_PROBLEM STATEMENT_
A faithful copy is needed of the lines below from the one with "Description: NEAR MINT" up to and including the one with "เด็กวัยหัดเดิน"; set it down with no pictures and no other lines.

───── INFORMATION PROVIDED ─────

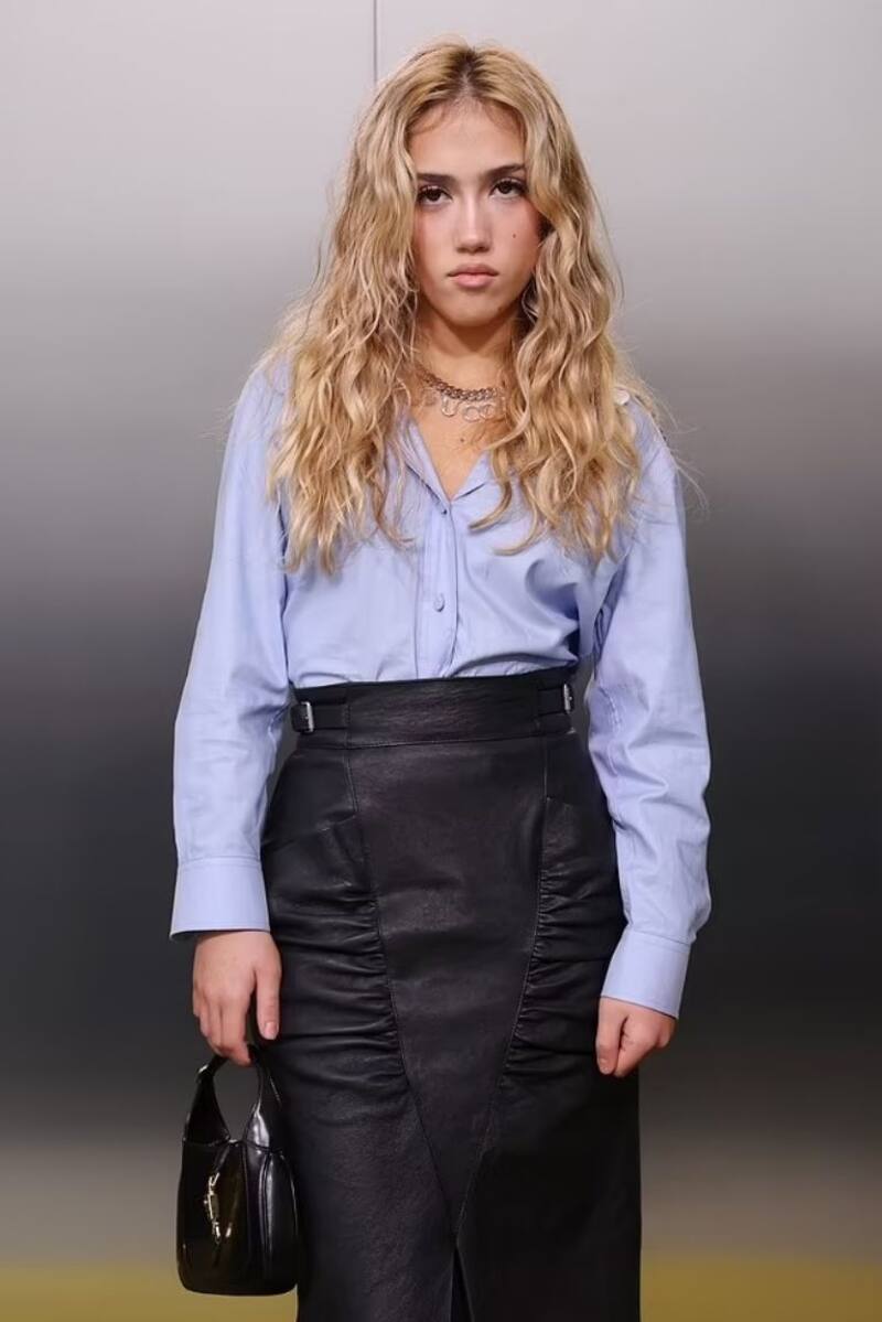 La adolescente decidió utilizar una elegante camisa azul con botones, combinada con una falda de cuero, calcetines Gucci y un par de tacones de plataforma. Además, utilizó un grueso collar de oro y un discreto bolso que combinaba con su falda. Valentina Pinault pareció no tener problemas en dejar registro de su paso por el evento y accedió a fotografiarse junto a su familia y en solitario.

─────
───── INFORMATION PROVIDED ─────

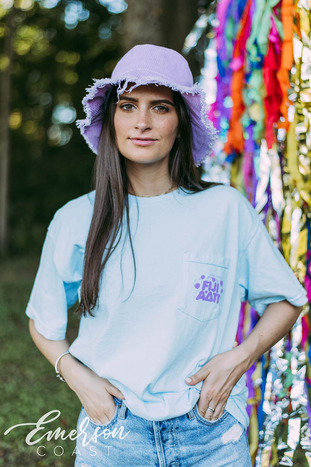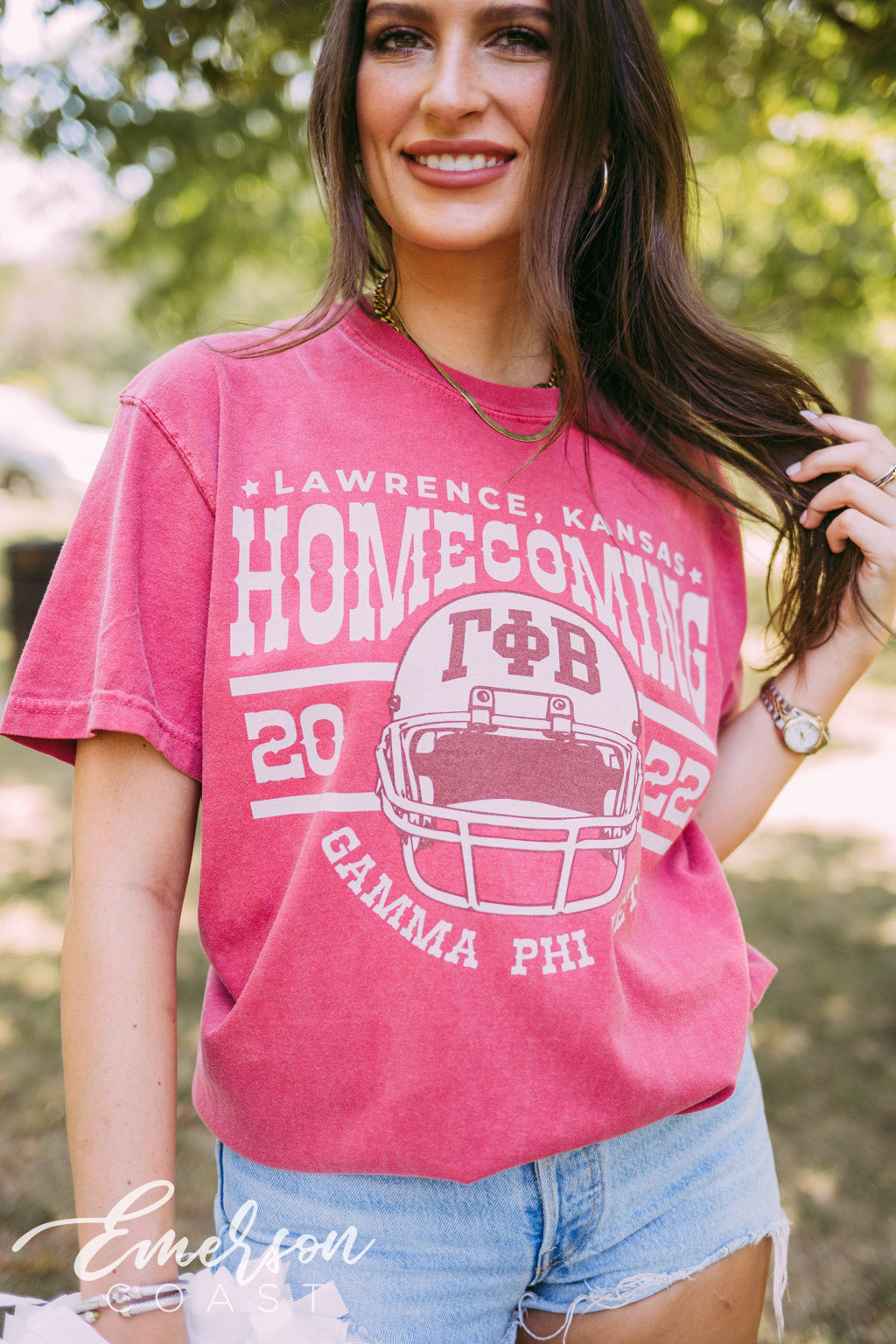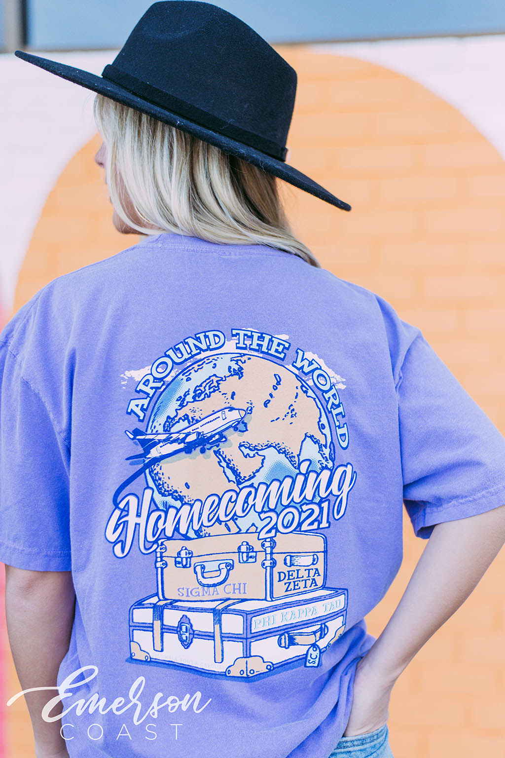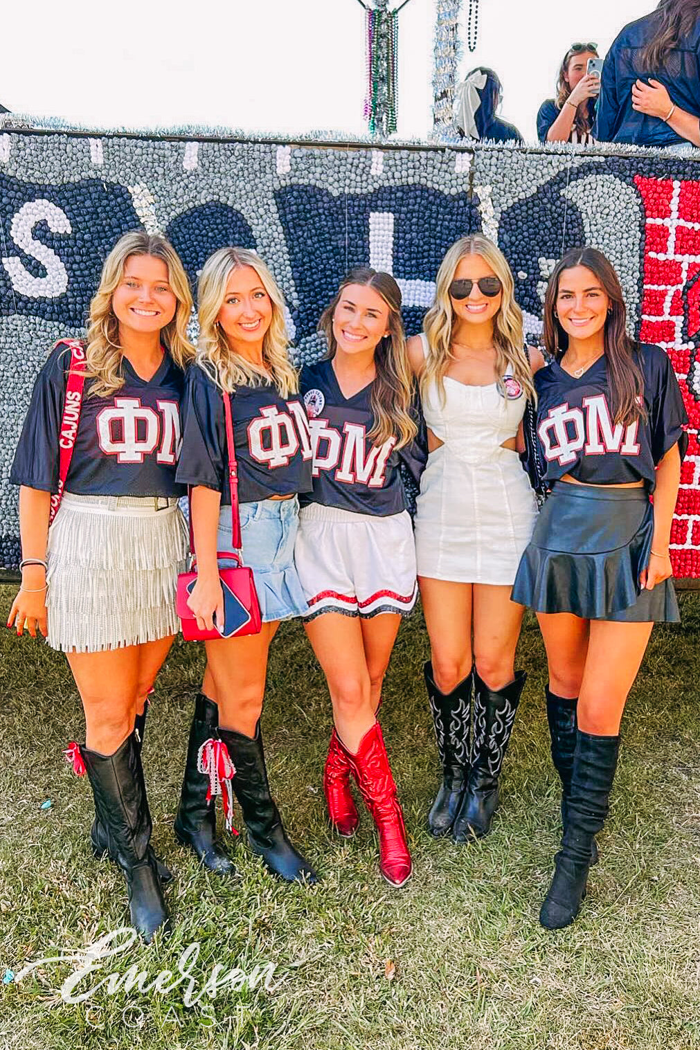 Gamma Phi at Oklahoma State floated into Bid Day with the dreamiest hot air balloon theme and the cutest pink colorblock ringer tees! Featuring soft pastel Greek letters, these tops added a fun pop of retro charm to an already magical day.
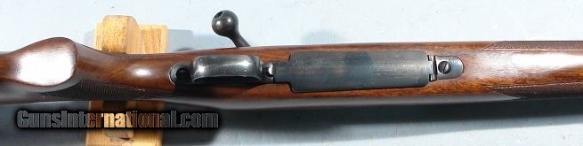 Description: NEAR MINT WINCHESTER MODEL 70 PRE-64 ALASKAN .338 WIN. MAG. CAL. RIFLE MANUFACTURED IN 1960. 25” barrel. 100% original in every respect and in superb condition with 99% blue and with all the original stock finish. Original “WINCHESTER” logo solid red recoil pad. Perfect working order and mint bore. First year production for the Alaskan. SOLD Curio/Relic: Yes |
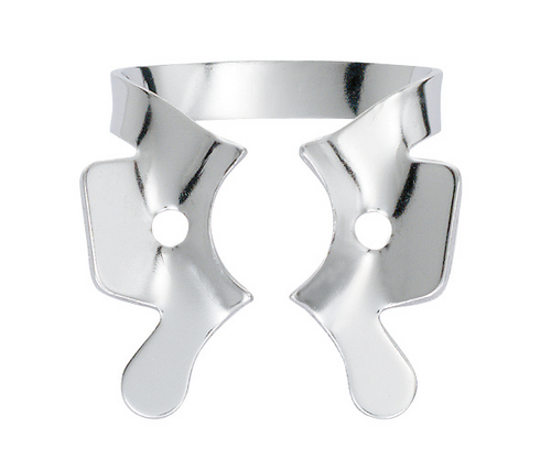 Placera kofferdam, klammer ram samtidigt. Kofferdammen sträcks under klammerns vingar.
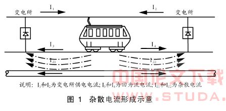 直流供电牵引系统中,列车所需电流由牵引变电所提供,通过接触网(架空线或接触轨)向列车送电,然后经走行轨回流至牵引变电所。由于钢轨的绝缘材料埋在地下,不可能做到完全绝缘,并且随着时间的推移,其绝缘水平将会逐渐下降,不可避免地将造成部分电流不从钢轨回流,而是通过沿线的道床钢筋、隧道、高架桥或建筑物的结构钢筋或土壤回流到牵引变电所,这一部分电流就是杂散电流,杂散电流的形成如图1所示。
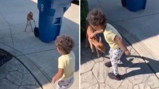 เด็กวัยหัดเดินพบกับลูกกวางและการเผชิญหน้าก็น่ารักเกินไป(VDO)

─────
───── INFORMATION PROVIDED ─────

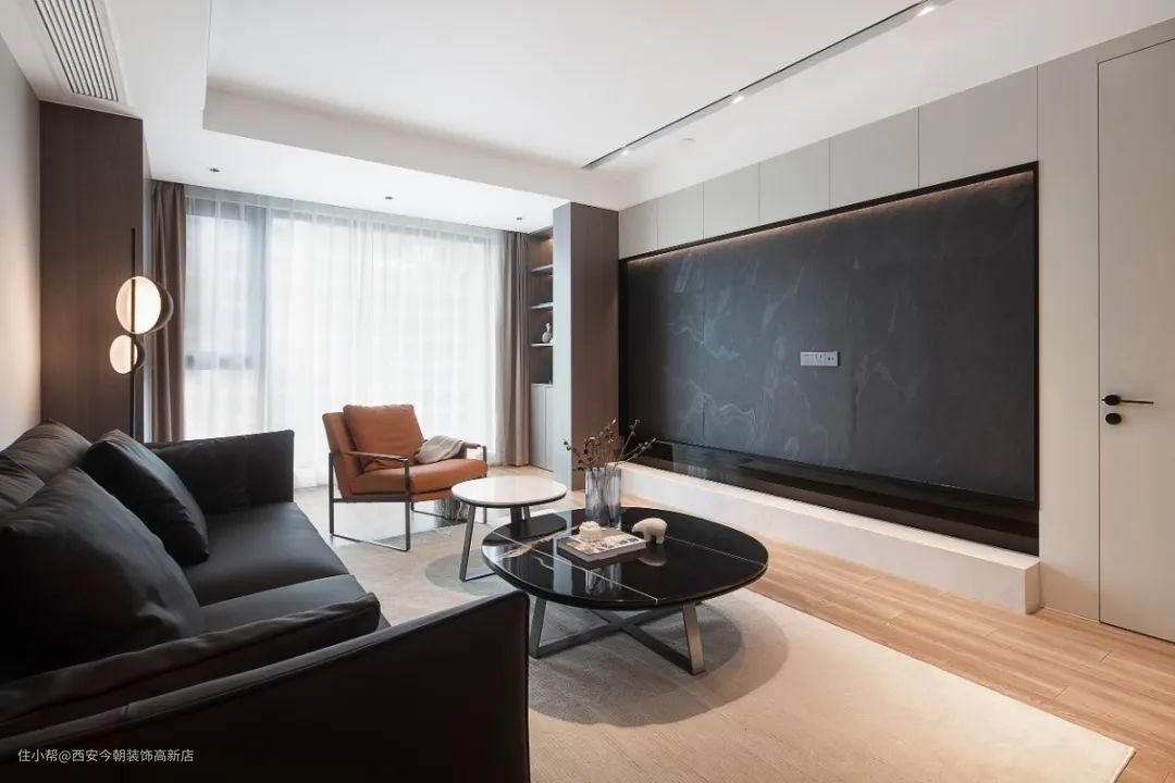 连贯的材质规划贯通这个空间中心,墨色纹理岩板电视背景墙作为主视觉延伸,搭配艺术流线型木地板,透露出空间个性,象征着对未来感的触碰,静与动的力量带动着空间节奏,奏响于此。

─────

_EXERCISE SOLUTION_
 Description: NEAR MINT WINCHESTER MODEL 70 PRE-64 ALASKAN .338 WIN. MAG. CAL. RIFLE MANUFACTURED IN 1960. 25” barrel. 100% original in every respect and in superb condition with 99% blue and with all the original stock finish. Original “WINCHESTER” logo solid red recoil pad. Perfect working order and mint bore. First year production for the Alaskan. SOLD Curio/Relic: Yes |
 Placera kofferdam, klammer ram samtidigt. Kofferdammen sträcks under klammerns vingar.
 直流供电牵引系统中,列车所需电流由牵引变电所提供,通过接触网(架空线或接触轨)向列车送电,然后经走行轨回流至牵引变电所。由于钢轨的绝缘材料埋在地下,不可能做到完全绝缘,并且随着时间的推移,其绝缘水平将会逐渐下降,不可避免地将造成部分电流不从钢轨回流,而是通过沿线的道床钢筋、隧道、高架桥或建筑物的结构钢筋或土壤回流到牵引变电所,这一部分电流就是杂散电流,杂散电流的形成如图1所示。
 เด็กวัยหัดเดินพบกับลูกกวางและการเผชิญหน้าก็น่ารักเกินไป(VDO)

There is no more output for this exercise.